The swarm of, ‘Of course we hoped all of you would make it,’ and, ‘It’s a shock – that’s all,’ was too thin and too late when it finally came and brought her no pleasure.

Pain pinched its sharp fingers through her body, but Noemi carried on poking at her audience anyway.

‘So tell me, did you know? About Auschwitz and Dachau and Treblinka, and all the other places they sent my people to die? Did you know about the gas chambers and the ovens, and the execution pits?’

White faces turned crimson; heads turned away. Noemi’s newly vulnerable eyes started to fill, but she would rather have died than spill a single tear.

‘I know that you did – your silence is full of it. Like I know you kept supporting the regime and sending your men to fight for your beloved Führer even when you knew him for the monster he was. That’s done with, I suppose, and can’t be changed.

But what happens now?’ She gazed at the flowers and the wedding linen.

‘Do you all simply move on with your lives and forget, hoping that the Jews and the Gypsies and the sick, and the millions of others whose blood you didn’t like will be forgotten too? ’

Nobody met her eyes. Nobody answered.

Noemi got to her feet and pulled the knife she’d taken from the bakery out of her rucksack.

The instant intake of breath would have been amusing if the scene had been a play, not her life.

One of the women had dumped a stack of plates on the end of the table.

Noemi spread them out and began cutting the cake into thin slices.

‘Well maybe that’s a question for another day; this is a wedding after all. Although I’m sure whoever the bride is, she’s made her own arrangements and won’t actually need this. So why don’t we use it to celebrate my homecoming instead?’

She began handing the plates round. None of the women refused to take one, but none of them took a bite either when she invited them to eat.

They think it’s poisoned. They’re afraid of me. They’ve no idea what I want.

But Noemi did.

She watched the women staring at the pink icing as nervously as if she’d coloured the fondant with deadly nightshade, not pressed raspberries.

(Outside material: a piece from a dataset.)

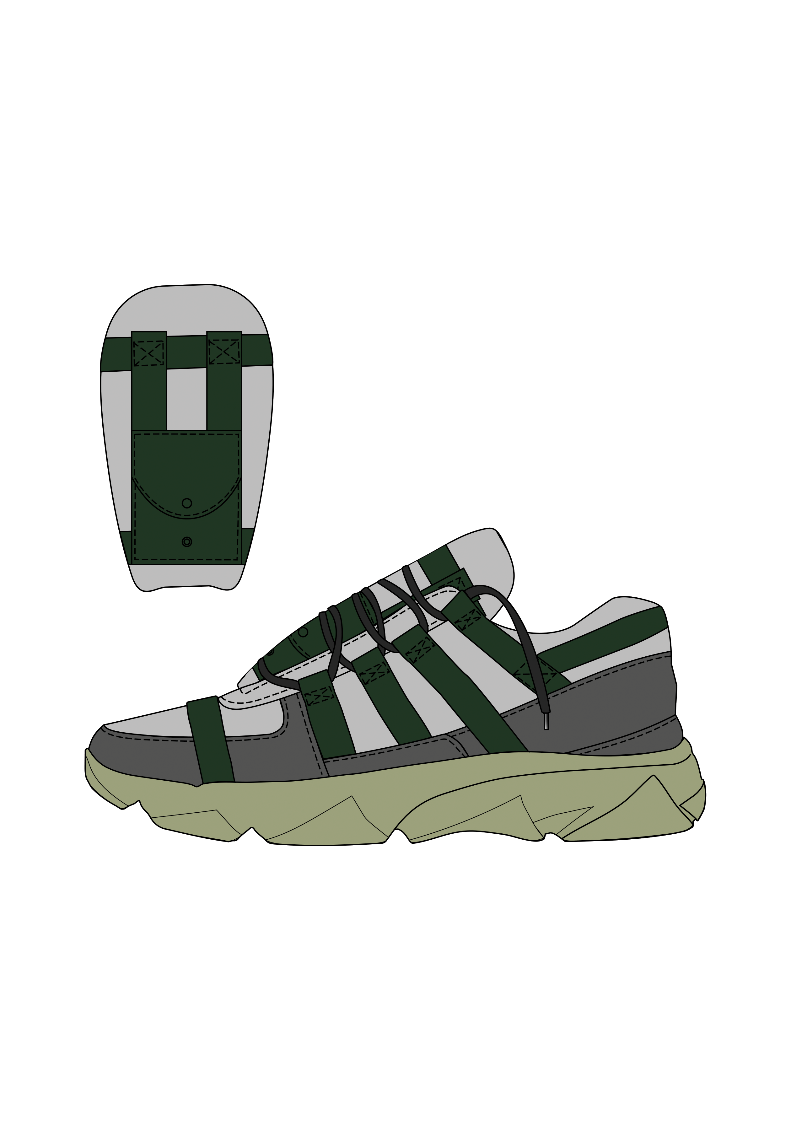 Inspired by the stories of the Garden of Eden and the military 'Gillie Suit,' my journey culminated in the creation of my very first manufactured shoe. This sneaker served as my canvas for navigating the intricate intersection of commercial appeal and an emotionally resonant design connection, all while striving for a harmonious balance across the multifaceted landscapes of design. Throughout this process, I embraced various stages, from design and fabric selection to refinement and finishing touches. Utilizing Gravity Sketch and following a meticulous tech-pack.

‘I need somewhere to stay obviously. A room will do… For now.’

For now was another deliberate stone, another ripple she intended to watch play out. Noemi looked from the necklace to the shawl: if no one offered her help out of kindness, she’d make them do it from shame.

‘You can come to me. I’ve taken over Distel’s farm now he’s dead; I could do with some help with the animals.’

The woman making the offer looked vaguely familiar. She had Distel’s square jaw and lean frame, but clearly not his twisted personality. Whoever she was, she would do. Noemi nodded and noted the sigh of relief from the rest.

‘Does Herr Niehbur still work out of his old office on Goethestraβe?’

This time she enjoyed the gasp at the notary’s name and the panicked look when she suggested that she might take a piece of cake with her as a gift.

They think I’m going to poison the whole town. Maybe I should have done that in the first place.

It wasn’t a serious thought. Noemi was done with killing. But she wasn’t done with revenge, and she certainly wasn’t finished with the town. She’d barely even begun.